There was a total of five adits driven on the Galena Mine, located on the northeast bank of Faribault Brook, approximately three metres above the brook, not far from where it enters Cheticamp River.

The site has been explored intermittently ever since and today it remains an intriguing copper-zinc-lead prospect. It also has potential to be a gold mine. Gold quantities measured in grams per ton were not very meaningful in the historical era because our early gold miners lacked the science to efficiently extract such small quantities. Nova Scotia’s historical gold mines generally had to produce ounces per ton to be viable.

However, modern gold mines measure ore grades in grams per ton, not ounces. The challenge modern gold miners face is that the “low hanging fruit” has already been taken by historical mines so modern mines generally have to extract from lower-grade deposits. Improved science and technology make that possible, while also taking proper care of the environment, so a site like the Galena Mine has potential for gold today that it did not have a century ago.
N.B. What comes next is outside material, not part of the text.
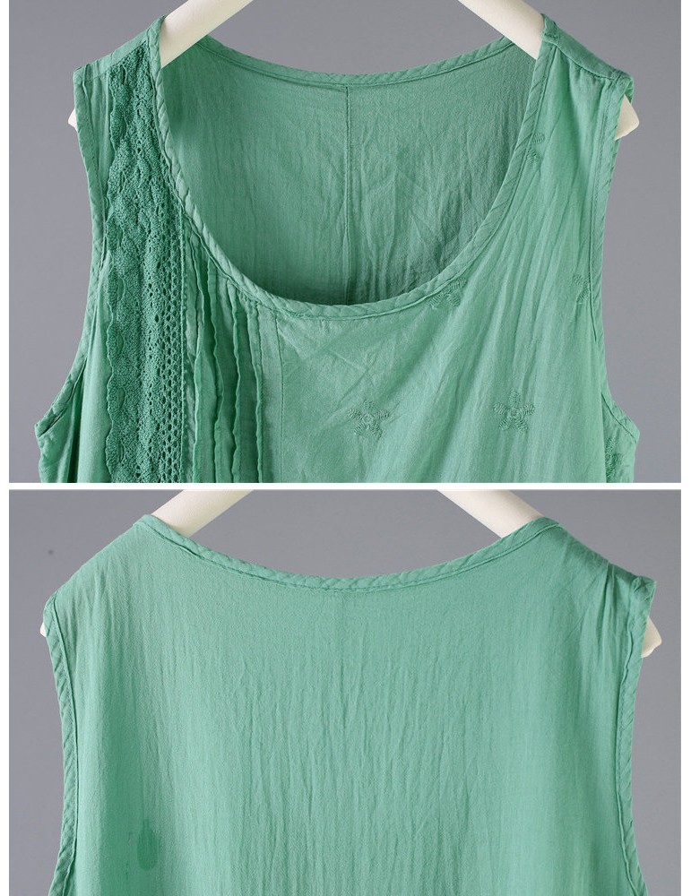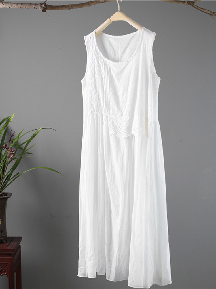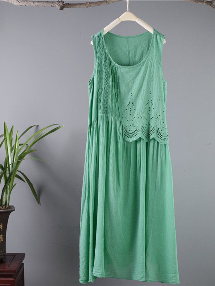 Casual Hook Flower Hollow Out Cotton Sleeveless Tank Dresses

The difference between then and now is a century of scientific advancement in metallurgy - the science of separating metals from their ores.

Metals are usually hosted in rock that the metals need to be separated from in the milling process.

Also, metals deposits almost always have multiple metals in them because of how they form, so the metals also need to be separated from each other, not just from the host rock.

Historically, the science behind milling ore was rudimentary compared to how sophisticated it is today. As a result, historical metals mines often lost significant amounts of valuable metals to the tailings, as the Galena Mine did. They also often caused environmental damage because 100-150 years ago was long before environmental awareness or scientific understanding of how human activities could affect the environment. (Learn more about historical tailings at

The modern mining industry is completely different. It is a sophisticated, science-based activity that takes excellent care of the environment.